The modern conditions make the old ties seem less important to many. In the United States, where people move about so freely across the vast spaces of our continent, and where in the large cities so many move each year to try vainly to better themselves in hired houses, the ties of family outside of the immediate circle seem remote and to be easily set aside. It is not, however, a sign of advanced social spirit which makes a young girl declare "she has no use for her relations; she cares only for her chosen friends," and it is often of the essence of social danger that a young man wants to give up all connection with his family. The fact is that one can understand better how one came to be what one is by knowing something of one's forbears and one's living relatives.

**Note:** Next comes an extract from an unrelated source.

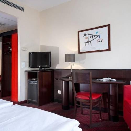 Cottbus, AlemaniaDescripción de la propiedad:Ubicación de la propiedad Si decides alojarte en Sorat Hotel Cottbus, disfrutarás de una céntrica ubicación en Cottbus, a pocos pasos de Torre Spremberger y a 10 minutos a pie de Stadthalle Cottbus. Además, este hotel para familias se encuentra a 1,1 km de Teatro estatal de Cottbus y a 1,8 km de Universidad de Tecnología de Brandenburgo Cottbus-Senftenberg.Número de Habitaciones Disfruta de una agradable estancia en una de las 98 habitaciones con televisión de pantalla plana. La conexión wifi gratis te mantendrá en contacto con los tuyos. Además, podrás disfrutar de canales por satélite. El baño privado con ducha está provisto de artículos de higiene personal gratuitos y secadores de pelo. Entre las comodidades, se incluyen escritorio, cortinas opacas y teléfono.productos de acogida No te pierdas las instalaciones recreativas a tu disposición, que incluyen gimnasio y bicicletas de alquiler. Otros servicios de este hotel incluyen conexión a Internet wifi gratis, servicios de conserjería y tiendas en el alojamiento.Comedor Tienes un restaurante y una cafetería a tu disposición para comer algo, pero si lo prefieres, puedes llamar al servicio de habitaciones con horario limitado de este hotel. Apaga la sed con tu bebida favorita en el bar o lounge. El desayuno bufé, con un coste adicional, se ofrece de lunes a viernes de 06:30 a 10:30, mientras que los fines de semana el horario es de 07:00 a 11:00.Negocios, Otros servicios Tendrás un centro de negocios abierto las 24 horas, check-out exprés y tintorería a tu disposición. Este hotel pone a tu disposición 2 salas de reuniones donde celebrar todo tipo de eventos. Hay un aparcamiento sin asistencia (de pago) disponible.Lugares de interés Las distancias se expresan en números redondos. Torre Spremberger: 0,2 km Altmarkt: 0,3 km Brandenburgisches Apothekenmuseum: 0,3 km Centro comercial Blechen Carré: 0,3 km Lindenpforte Historic Town Gate: 0,3 km Gutshof: 0,4 km Marstall: 0,4 km Dkw. Kunstmuseum Dieselkraftwerk Cottbus: 0,5 km Stadthalle Cottbus: 0,6 km Castle Wall: 0,6 km Parque de Schiller: 0,7 km Cottbus City Museum: 0,7 km Teatro estatal de Cottbus: 0,8 km Universidad de Tecnología de Brandenburgo Cottbus-Senftenberg: 0,8 km Campo de fútbol Stadion der Freundschaft: 1,6 km Idiomas habladosAlemánRusoInglésPolacoEspañolInfórmese antes de ir: Se ofrece alojamiento gratuito a un máximo de 2 menores de hasta 10 años, siempre que ocupen la misma habitación que sus padres o tutores, utilizando las camas existentes. Solo se permite el acceso a las habitaciones a los huéspedes registrados en el hotel. Este alojamiento permite mascotas solo en determinadas habitaciones (se aplican cargos y se pueden encontrar en la sección relativa a las tarifas). Los huéspedes pueden realizar las gestiones para traer sus mascotas poniéndose en contacto directamente con el alojamiento mediante la información de contacto que figura en la confirmación de la reserva. El aparcamiento tiene un límite de altura. Tasas: Desayuno tipo bufé: 18 EUR por adulto y 18 EUR por menor (precio aproximado) Aparcamiento cubierto: 12 EUR por día (entrada y salida libre)Mascotas: 13 EUR por mascota, por nocheNo se cobran tasas por los animales de servicioEl registro de salida tardía tiene un coste adicional (sujeto a disponibilidad) Cama adicional: 38.0 EUR por noche La lista anterior puede estar incompleta. Además, es posible que los impuestos no estén incluidos. Importes sujetos a cambios. instrucciones para el check-in: Puede aplicarse un recargo por cada persona adicional, según la política del alojamiento.A tu llegada, pueden pedirte un documento de identidad oficial con foto y una tarjeta de crédito, o un depósito en efectivo, para cubrir los gastos imprevistos.No se garantizan las solicitudes especiales, que están sujetas a disponibilidad en el momento de la llegada y pueden suponer un recargo adicional.Para reservar el aparcamiento en las instalaciones, ponte en conta

=Permanent Value of the Family Bond.=--The feeling that one belongs to a blood group, the feeling so old and so wonder-working in the past, gives at least one ideal of permanence in a world of affairs whirling in such rapid change that the common mind becomes dizzy and the common idealism confused. On the other hand, it is cause for gratitude unspeakable that the old bondage of the family life is relaxed, never to be tightened again to such oppression as once prevailed. The fact that inheritance is now seen to be so varied and so unpredictable that one child in a family may "take back" to one ancestor and another to a different one to ends of complete divergence of character and capacity, shows that the old attempt to keep them together, whether they could love each other or not, was a social mistake. To-day we are more reasonable. We even say that fathers and mothers may not be taken into the home of their children if it best serves the mutual happiness for them to have separate homes. We seldom now in enlightened families make the mistake of holding to "living together" when living apart is clearly the wiser thing.
The old sense of family responsibility is, however, happily not lost and in its new ways of working often gives a finer representation of mutual aid than was common of old. The will of one rich man which included many gifts to sisters, cousins, and nieces, and left directions to the principal heirs to find out if there were any relatives of the same nearness left out and if so to make them equal sharers, is but a type of many who, with or without large means, share generously with all their name and kin.

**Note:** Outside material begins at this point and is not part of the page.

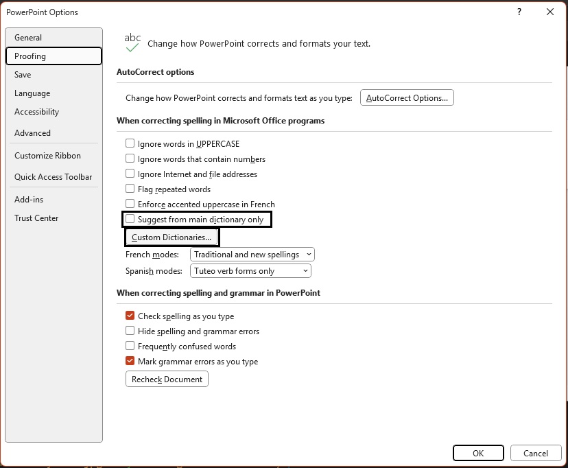 2. In Options, select Proofing then remove any checkmark from "Suggest from main dictionary only." Then click on the "Custom Dictionaries" button.

On the other hand, we have examples of those who, in the effort to leave a large fortune for some specific object of education or of public charity, wholly neglect, often with cruel indifference, the needs of some member or members of their own family. One man of conspicuous gift to education left a sister and her two daughters without means for comfortable living while piling up money for his pet scheme. Many men skimp themselves and also their wives, children, and still more their parents and more remote kin, to hoard a monster sum for some charity to be forever called by their name. These, however, are unusual examples of losing sight of the near in the remote. The average man and woman has in mind a series of concentric circles, those nearest to be helped first, those next beyond to share next, and the world outside to have what is left when these inner claims upon love and generosity are fully met.

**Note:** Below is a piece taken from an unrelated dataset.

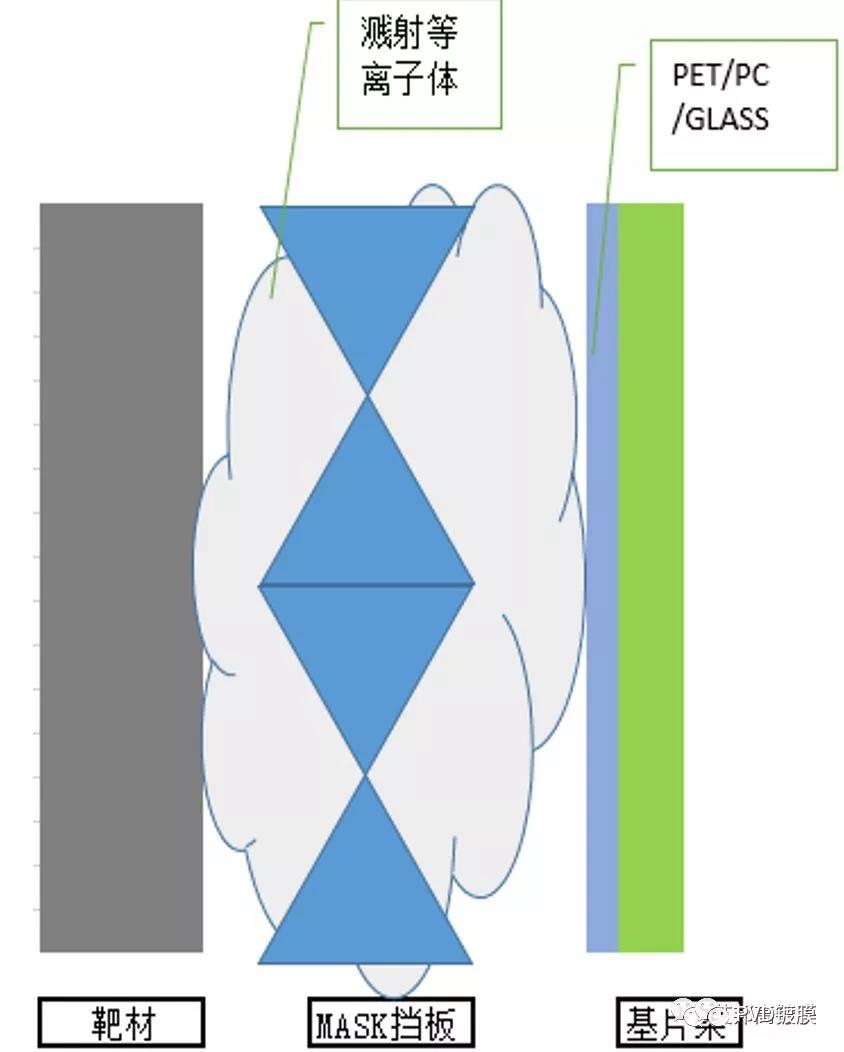 圖 靶材和工件的中間增加一個擋板(MASK)示意圖

If it were not for this general tendency society-at-large would have far more responsibility for all sorts of care of the aged, of the incapable, of the unsuccessful, of the invalid, of the defective, of the insane, of the "cranky" and of the lonely. Finally, without this innate tendency to feel a sense of responsibility for those nearest related by family ties much of the discipline toward social usefulness would be lacking in the lives of average people. We learn the larger duty through faithful response to the nearer and closer obligation. For this reason the family holidays and reunions, the family birthday celebrations which include all the relatives within reach, the pressure of the law and of custom upon those able to care for those less strong and competent within the kinship bond, are all socializing influences which it is well to keep warm and consciously active.
The lovely spirit of Mrs. Hodgson Burnett's "Tembarom" when he finds a "real relative" is duplicated by many immigrants who after years of loneliness greet one of the family on the shores of the new country; and the member of the eastern family "gone west" is the most hospitable of all relatives to the visitor from the old home who has the same family tree.
The gratitude of the ancient poet that "God has set the solitary in families" is not a sentiment to be outgrown. Those who feel that it is, lose something precious from the basis of human affection. The adjustment of this old bond to the new individualistic life is not yet made even in the Western world, while in the Eastern the vital problems of family adjustment press in supreme unrest. The one principle that should guide us in this as in all inheritance from the past is surely this, that while the sacredness of personality of any one member of any group, even of the family, shall not be wholly sacrificed to the needs and demands of any other member, yet "they that are strong ought to bear the infirmities of the weak" in the old spirit of unselfish service.
QUESTIONS ON BROTHERS, SISTERS, AND NEXT OF KIN
1. In the monogamic system of the family what, in general, has been the legal responsibility toward blood kin?
2. Is the inherited legal and social responsibility for the care and well-being of relatives lessened at the present time? If so, is that for good or for ill in the wider social fabric?
3. How far should accepted obligations toward near relatives be met in ways to bring under one roof more than the fathers and mothers and children of a given generation?
4. Should natural kinship weigh heavily in considering arrangements for material relief in poverty? In the care of orphans and half-orphans? And in provisions for aid to the aged, the sick, and those out of work?
5. What special conditions make appeal to family feeling difficult in a population like that of the United States with many immigrants and great mobility in industrial relations?
6. Is there any way of strengthening family feeling without attempting return to older forms of family autonomy?